::: Study material :::

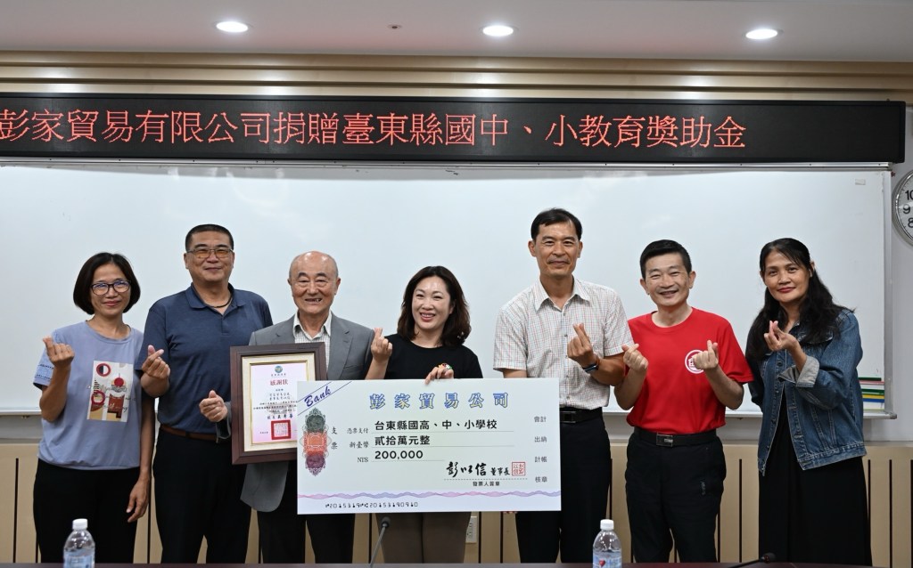 彭家貿易公司與台東縣議會吳秀華議長於4月30日下午3時,在台東縣議會第一會議室舉行「教育獎助金捐贈儀式」,本次縣內5所學校獲得獎助金,彭家貿易公司由劉啟聰先生代表彭以信董事長出席捐贈儀式,劉啟聰先表示:彭以信董事長長期關懷教育、體育、醫療,善盡社會責任,關心偏鄉,回饋地方的精神。獎助金挹注各學校後將可供學子更多學習資源與添購教學消關設備,提升學習環境。
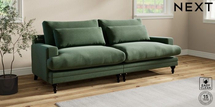 7.0.3 Buy Hutton Deep Relaxed Sit 4 Seater Sofa Fine Chenille Easy Clean Mid Khaki Green Country Turned - Dark from the Next UK online shop Click here to use our accessible website
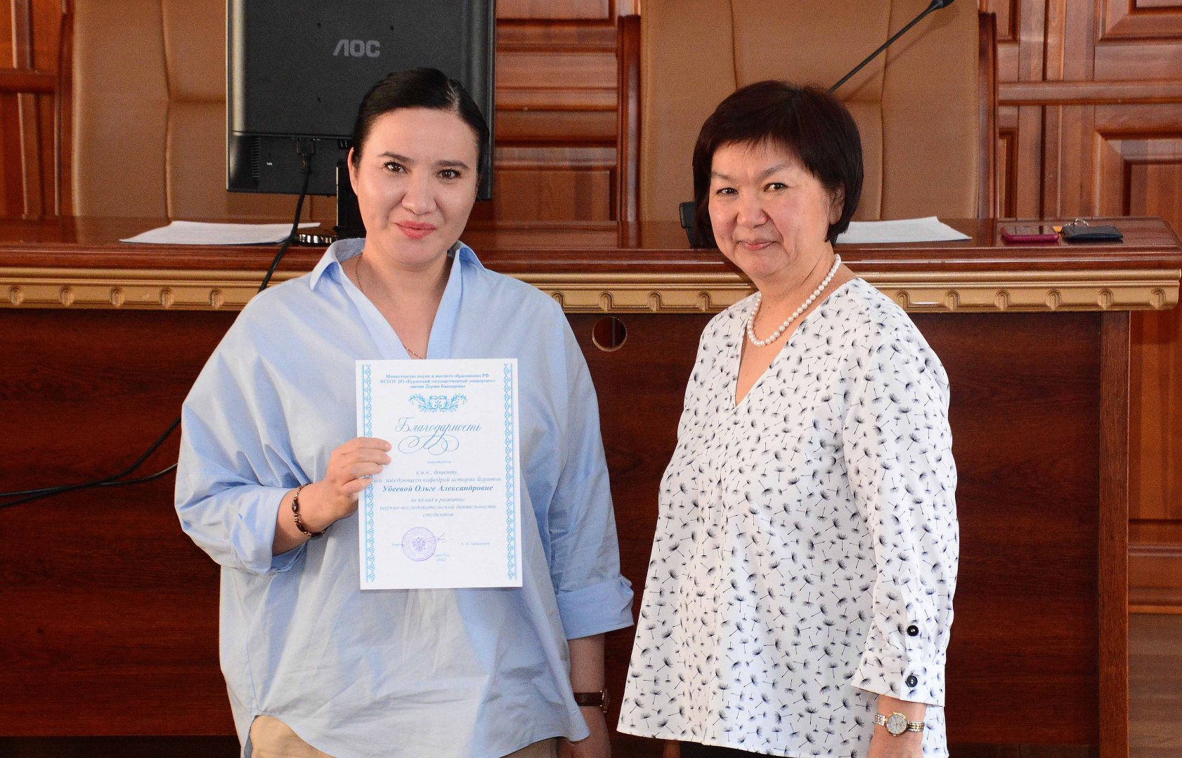 Программу Дня студенческой науки БГУ-2022 продолжили доклады победителей конкурса научных работ студентов БГУ. Результаты своих научных исследований представили Токтохоева Любовь, студентка Факультета биологии, географии и землепользования, и Таханова Инна, студентка 4 курса Педагогического института.
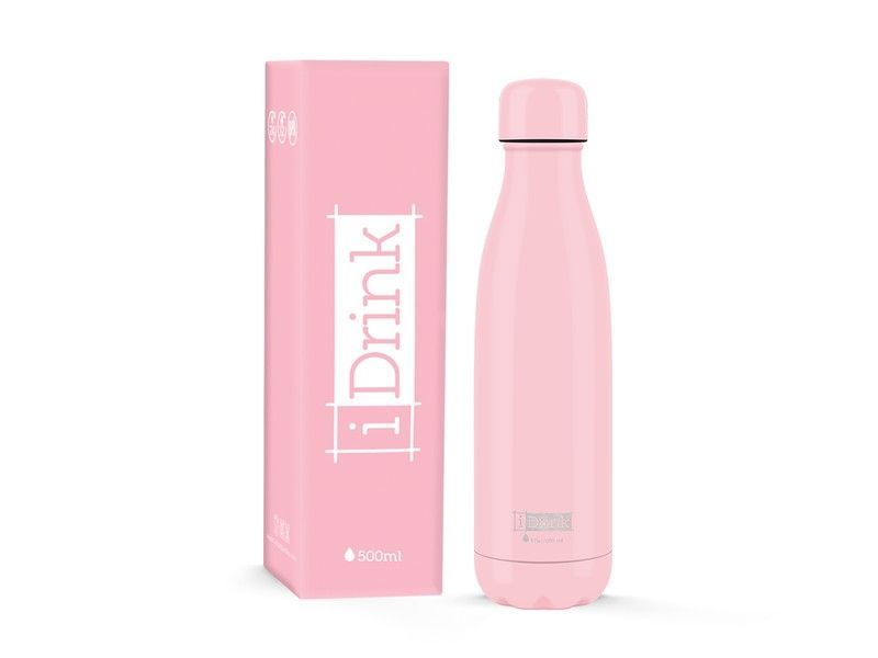 Botella térmica de 500 ml en color rosa, fabricada en acero inoxidable de alta calidad. Ideal para mantener tus bebidas calientes o frías durante horas. Diseño elegante y compacto, perfecta para llevar al trabajo, al gimnasio o en tus desplazamientos diarios. Incluye caja de presentación rosa con el logo 'iDrink'.
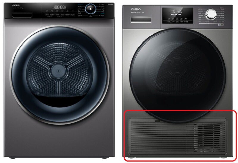 Con AQUA 10kg bên trái không có cửa tháo ra vệ sinh dàn ngưng tụ như con 9kg bên phải

:::

* _What is required_
After locating the line that contains "Программу Дня студенческой", output it and all later lines through the end of the material exactly, leaving out pictures.

* _Solved exercise_
 Программу Дня студенческой науки БГУ-2022 продолжили доклады победителей конкурса научных работ студентов БГУ. Результаты своих научных исследований представили Токтохоева Любовь, студентка Факультета биологии, географии и землепользования, и Таханова Инна, студентка 4 курса Педагогического института.
 Botella térmica de 500 ml en color rosa, fabricada en acero inoxidable de alta calidad. Ideal para mantener tus bebidas calientes o frías durante horas. Diseño elegante y compacto, perfecta para llevar al trabajo, al gimnasio o en tus desplazamientos diarios. Incluye caja de presentación rosa con el logo 'iDrink'.
 Con AQUA 10kg bên trái không có cửa tháo ra vệ sinh dàn ngưng tụ như con 9kg bên phải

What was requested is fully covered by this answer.